→ **Aim of the task**:
Skip the pictures. Output only the lines below starting at the line with "GameMax TFX 450" and ending at the line with "The Toronto destination, which", both ends included, exactly as they are.
Segment Start: Given entries
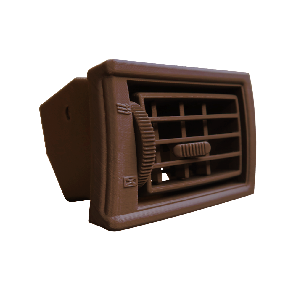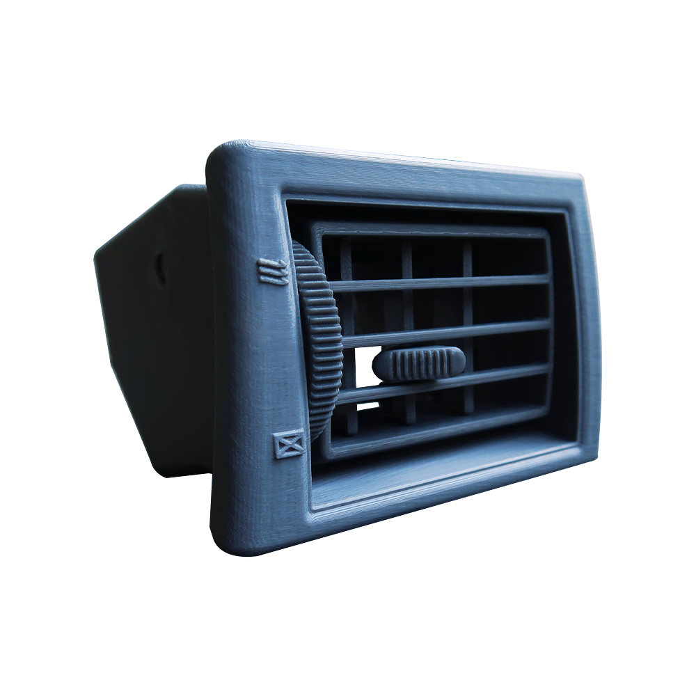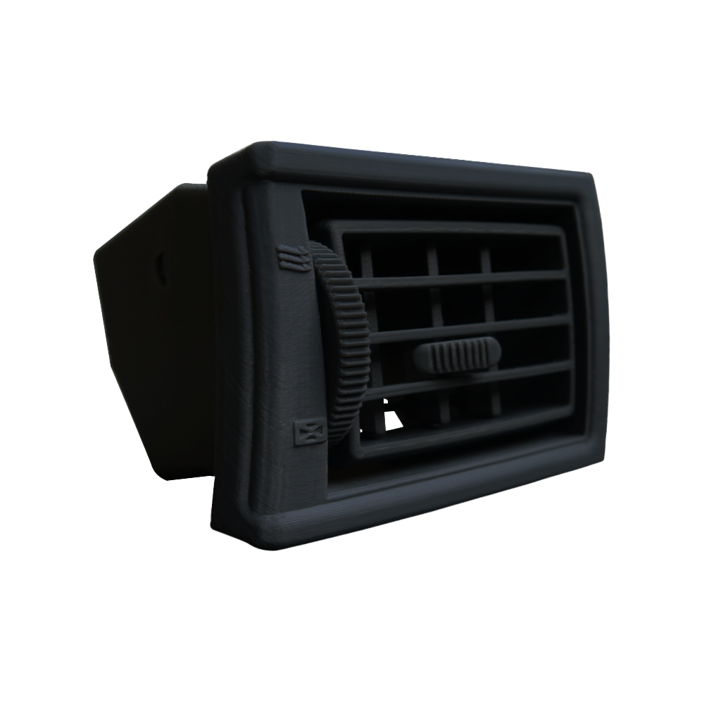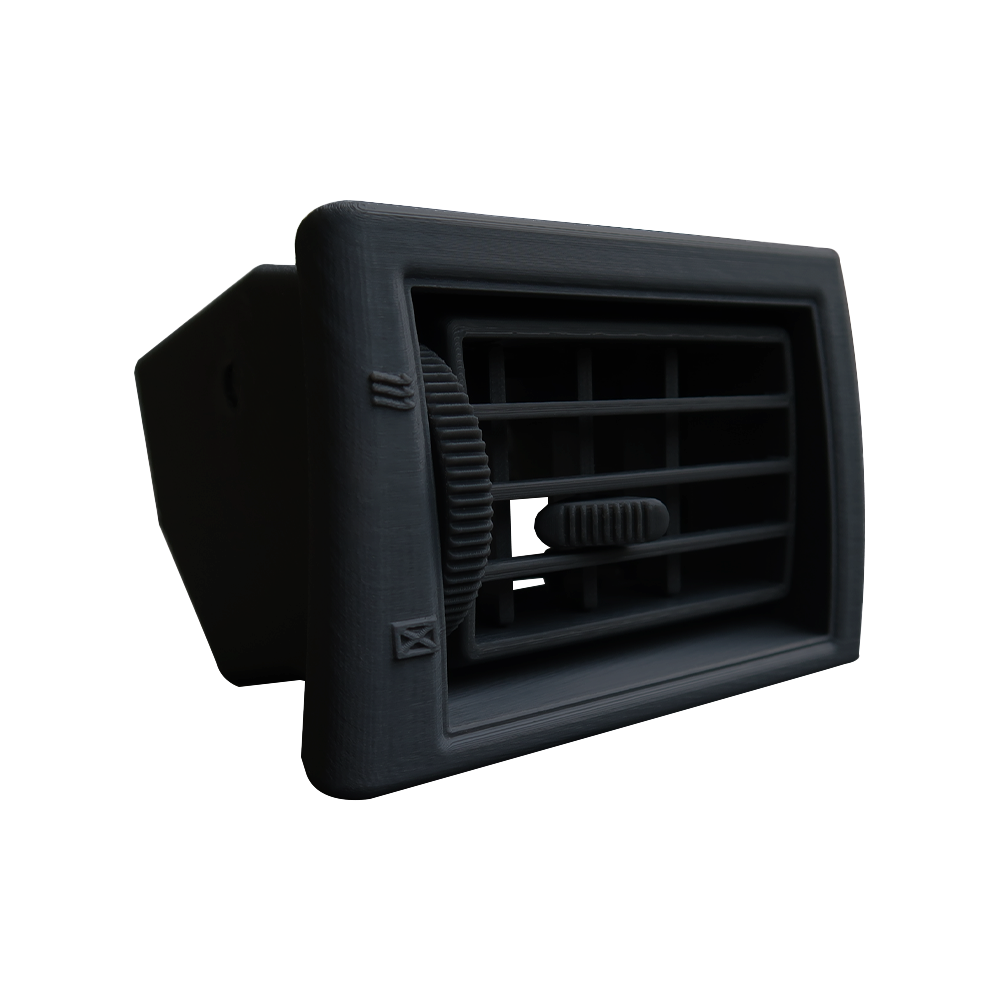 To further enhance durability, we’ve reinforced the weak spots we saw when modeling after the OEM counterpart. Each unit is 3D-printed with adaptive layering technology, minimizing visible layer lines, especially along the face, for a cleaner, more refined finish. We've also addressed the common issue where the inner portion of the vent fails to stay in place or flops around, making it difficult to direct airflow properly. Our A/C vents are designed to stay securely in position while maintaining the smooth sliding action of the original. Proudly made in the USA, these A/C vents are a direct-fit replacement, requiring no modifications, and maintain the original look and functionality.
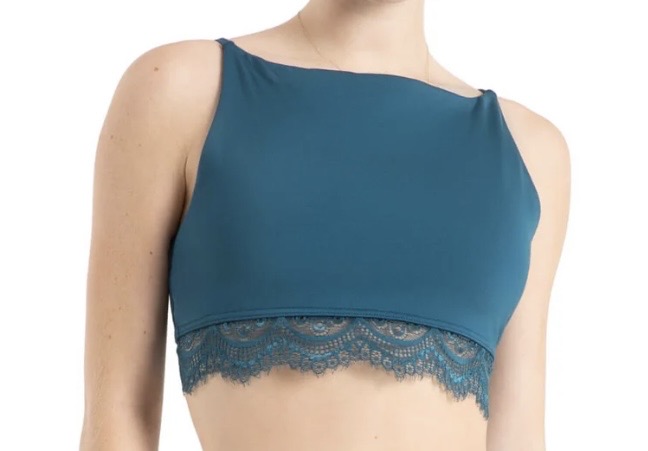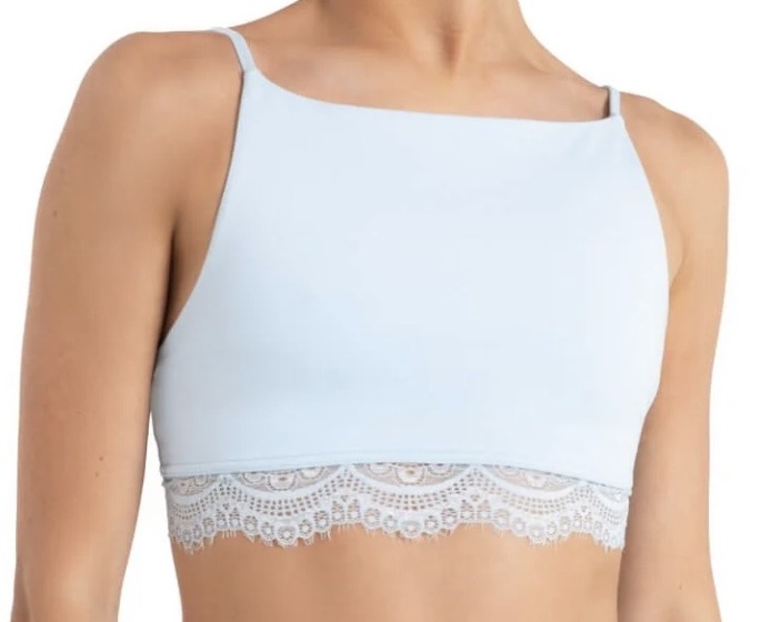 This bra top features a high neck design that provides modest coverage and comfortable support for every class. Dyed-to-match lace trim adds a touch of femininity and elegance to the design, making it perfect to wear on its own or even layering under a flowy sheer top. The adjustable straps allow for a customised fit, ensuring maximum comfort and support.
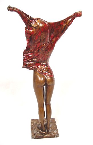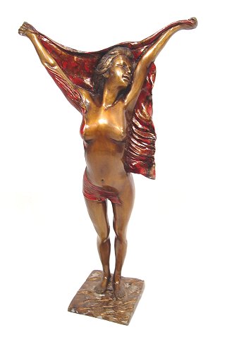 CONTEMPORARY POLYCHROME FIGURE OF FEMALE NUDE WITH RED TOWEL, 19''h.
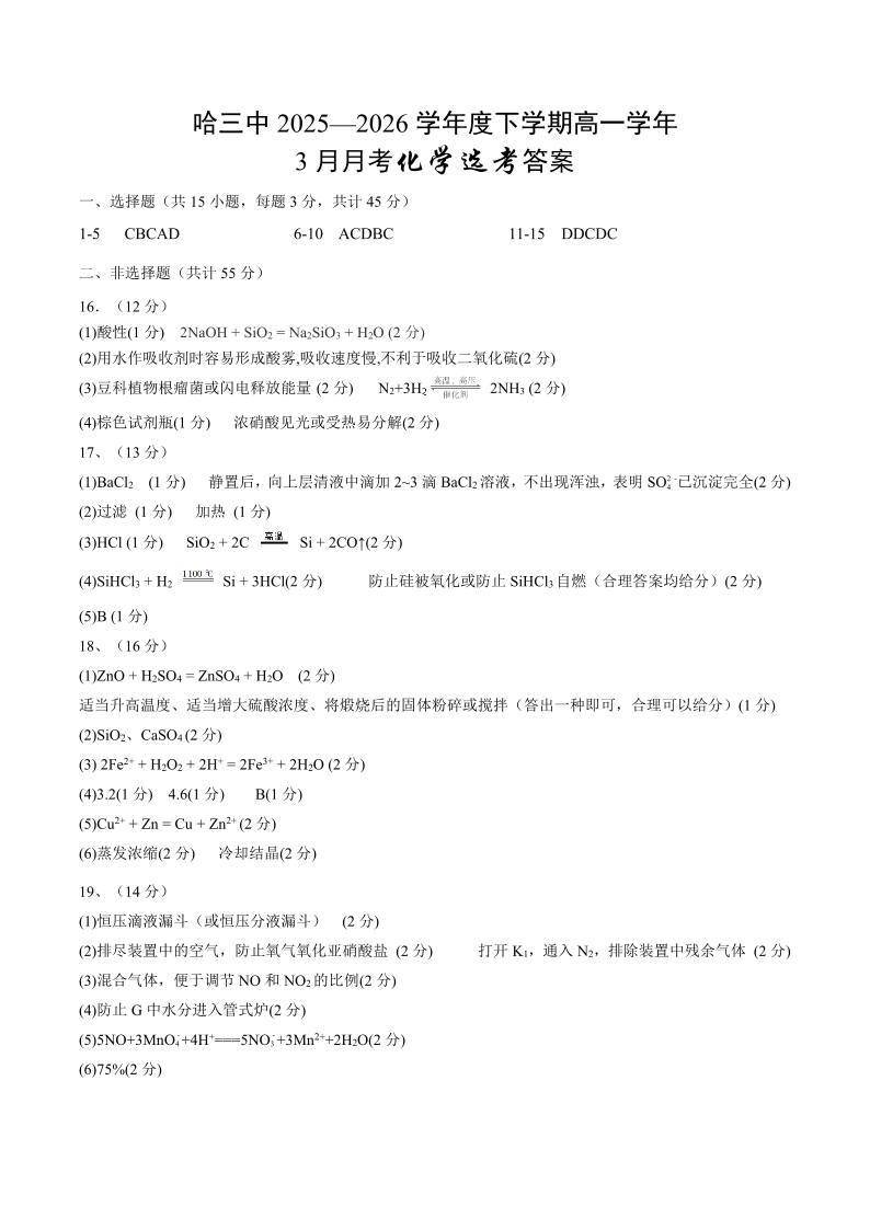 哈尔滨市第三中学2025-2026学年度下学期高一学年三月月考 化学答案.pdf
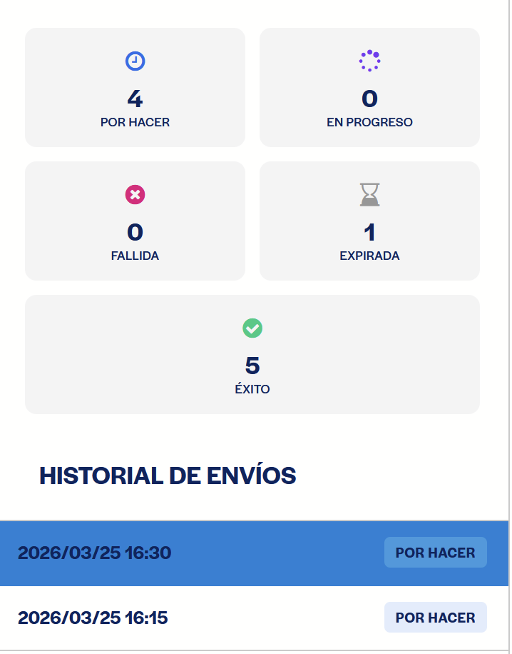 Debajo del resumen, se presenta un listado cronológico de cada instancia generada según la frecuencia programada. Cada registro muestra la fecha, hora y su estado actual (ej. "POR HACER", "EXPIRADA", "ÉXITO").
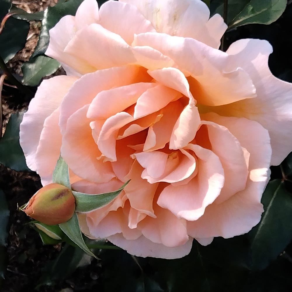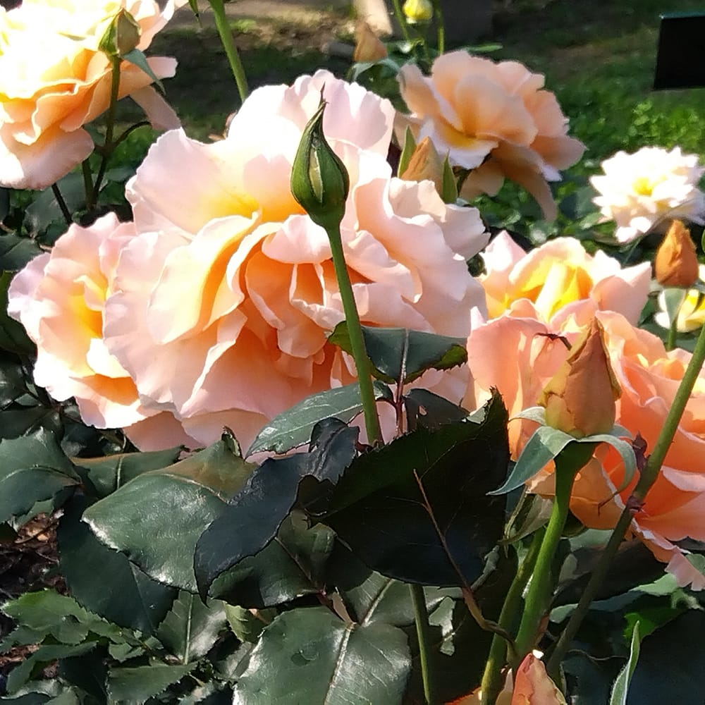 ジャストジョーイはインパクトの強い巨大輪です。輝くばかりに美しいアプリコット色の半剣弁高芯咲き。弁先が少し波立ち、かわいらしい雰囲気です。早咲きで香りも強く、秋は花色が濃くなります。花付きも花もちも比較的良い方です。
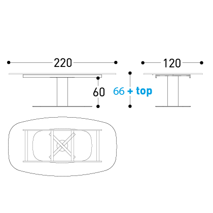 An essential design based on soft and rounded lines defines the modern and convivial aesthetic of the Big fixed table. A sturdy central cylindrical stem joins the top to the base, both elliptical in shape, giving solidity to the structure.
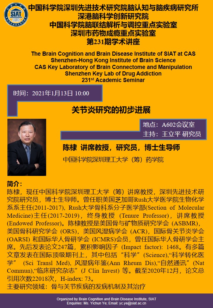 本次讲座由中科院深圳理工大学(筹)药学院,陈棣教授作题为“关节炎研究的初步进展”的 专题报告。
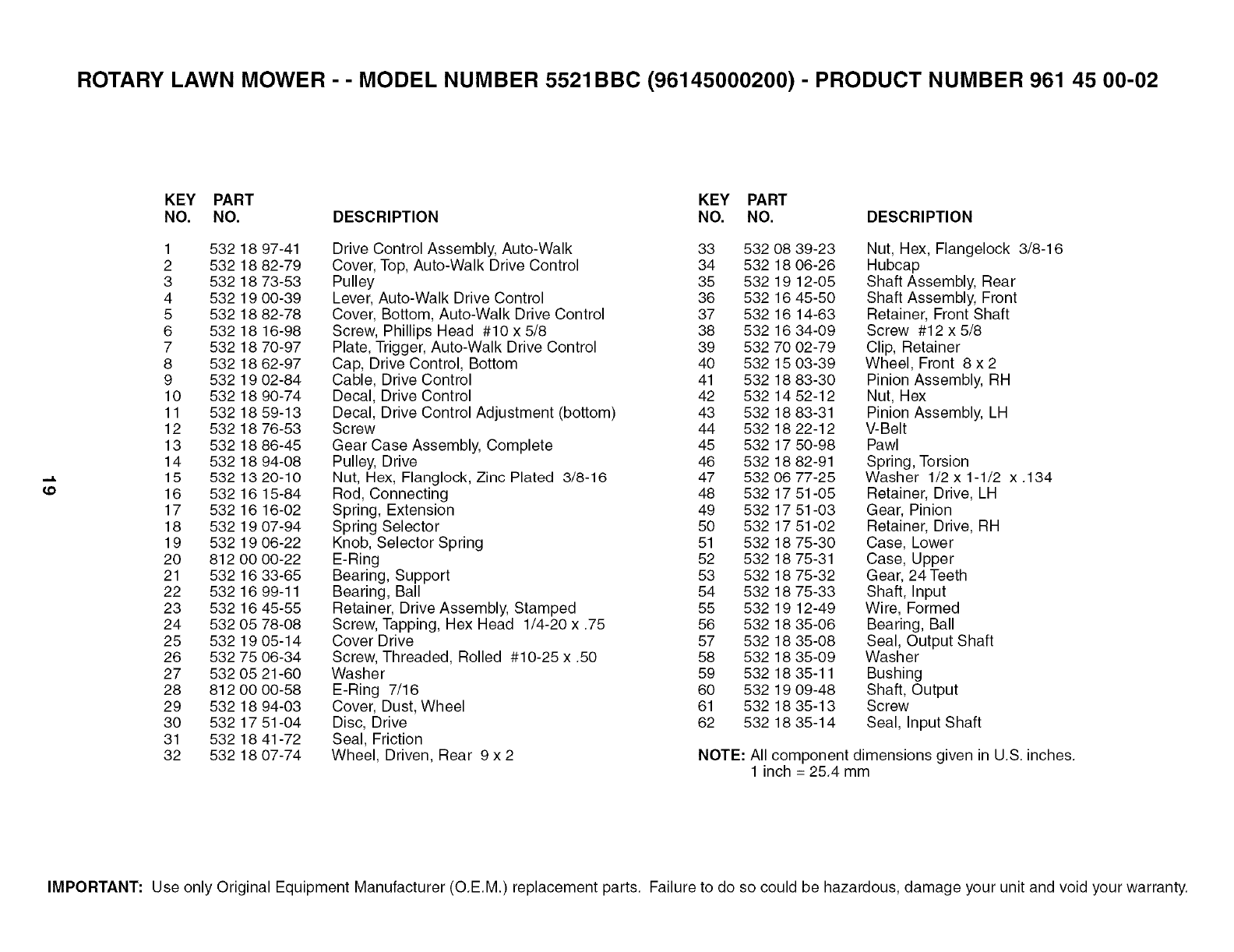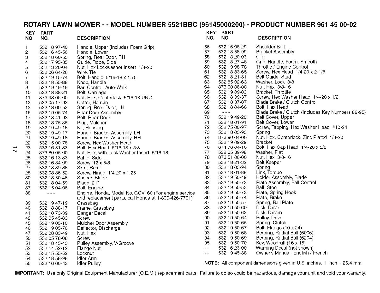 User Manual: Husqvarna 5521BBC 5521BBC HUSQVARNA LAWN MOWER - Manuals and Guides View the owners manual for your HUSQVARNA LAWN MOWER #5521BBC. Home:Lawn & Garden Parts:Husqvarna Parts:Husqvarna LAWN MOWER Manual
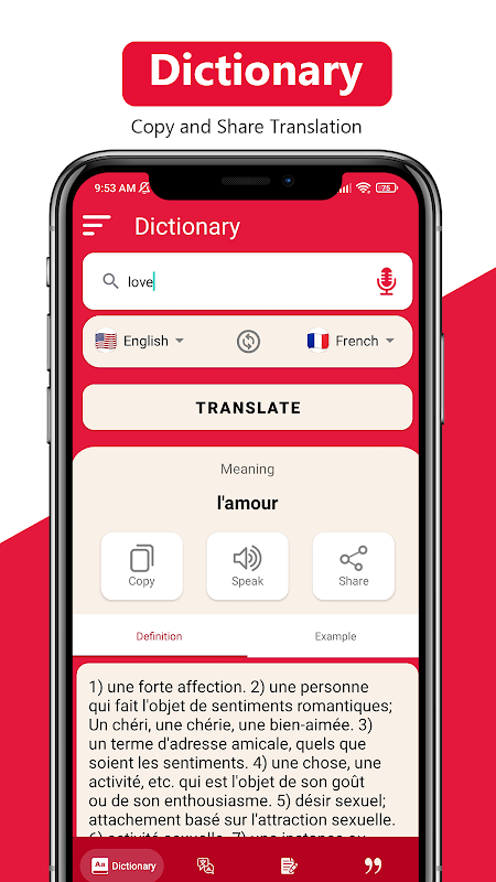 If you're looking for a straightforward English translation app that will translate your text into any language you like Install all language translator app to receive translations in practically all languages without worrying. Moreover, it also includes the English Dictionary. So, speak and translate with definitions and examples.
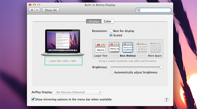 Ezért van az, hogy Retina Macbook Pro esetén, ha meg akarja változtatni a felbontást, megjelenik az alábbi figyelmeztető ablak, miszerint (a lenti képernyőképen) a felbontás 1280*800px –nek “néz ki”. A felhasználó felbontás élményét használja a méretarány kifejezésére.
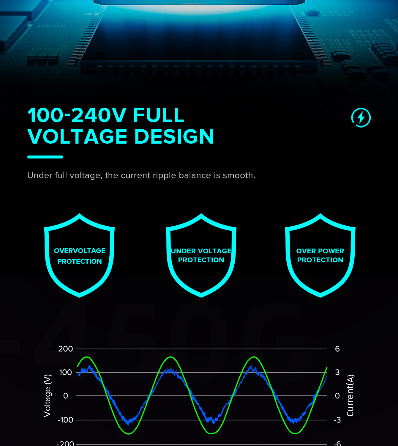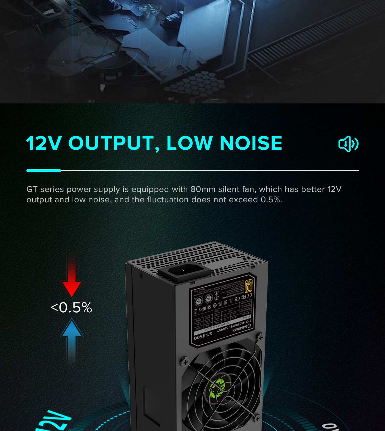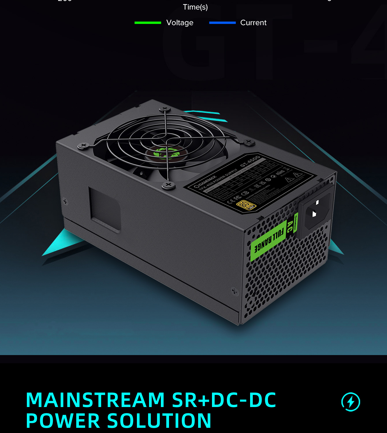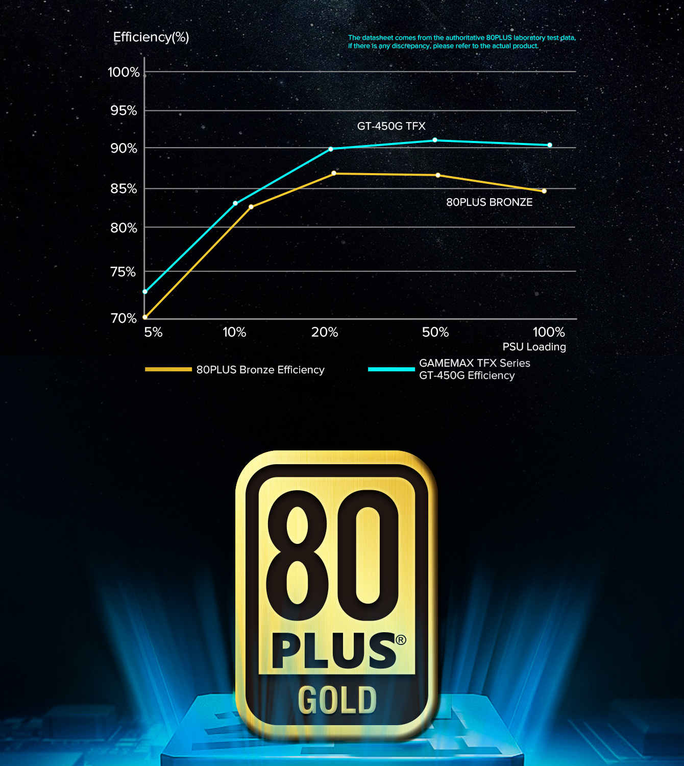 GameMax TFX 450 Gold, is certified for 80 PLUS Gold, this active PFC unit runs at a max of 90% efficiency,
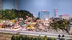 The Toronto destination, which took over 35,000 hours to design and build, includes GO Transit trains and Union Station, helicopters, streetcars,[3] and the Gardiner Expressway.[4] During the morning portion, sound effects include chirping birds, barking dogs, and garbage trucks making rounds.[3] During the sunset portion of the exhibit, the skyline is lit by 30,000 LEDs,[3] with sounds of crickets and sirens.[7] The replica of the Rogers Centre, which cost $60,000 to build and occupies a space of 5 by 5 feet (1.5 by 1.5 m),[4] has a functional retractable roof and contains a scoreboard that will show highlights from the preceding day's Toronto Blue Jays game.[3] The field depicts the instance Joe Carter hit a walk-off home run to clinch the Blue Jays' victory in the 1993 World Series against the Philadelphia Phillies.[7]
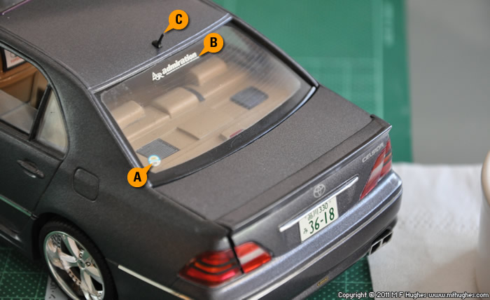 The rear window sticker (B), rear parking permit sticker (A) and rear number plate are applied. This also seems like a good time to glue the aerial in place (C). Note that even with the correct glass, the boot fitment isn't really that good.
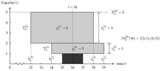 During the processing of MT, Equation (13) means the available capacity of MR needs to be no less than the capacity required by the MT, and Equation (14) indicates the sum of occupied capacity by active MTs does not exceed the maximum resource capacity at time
Segment End: Given entries
→ **Your solution**:
 GameMax TFX 450 Gold, is certified for 80 PLUS Gold, this active PFC unit runs at a max of 90% efficiency,
 The Toronto destination, which took over 35,000 hours to design and build, includes GO Transit trains and Union Station, helicopters, streetcars,[3] and the Gardiner Expressway.[4] During the morning portion, sound effects include chirping birds, barking dogs, and garbage trucks making rounds.[3] During the sunset portion of the exhibit, the skyline is lit by 30,000 LEDs,[3] with sounds of crickets and sirens.[7] The replica of the Rogers Centre, which cost $60,000 to build and occupies a space of 5 by 5 feet (1.5 by 1.5 m),[4] has a functional retractable roof and contains a scoreboard that will show highlights from the preceding day's Toronto Blue Jays game.[3] The field depicts the instance Joe Carter hit a walk-off home run to clinch the Blue Jays' victory in the 1993 World Series against the Philadelphia Phillies.[7]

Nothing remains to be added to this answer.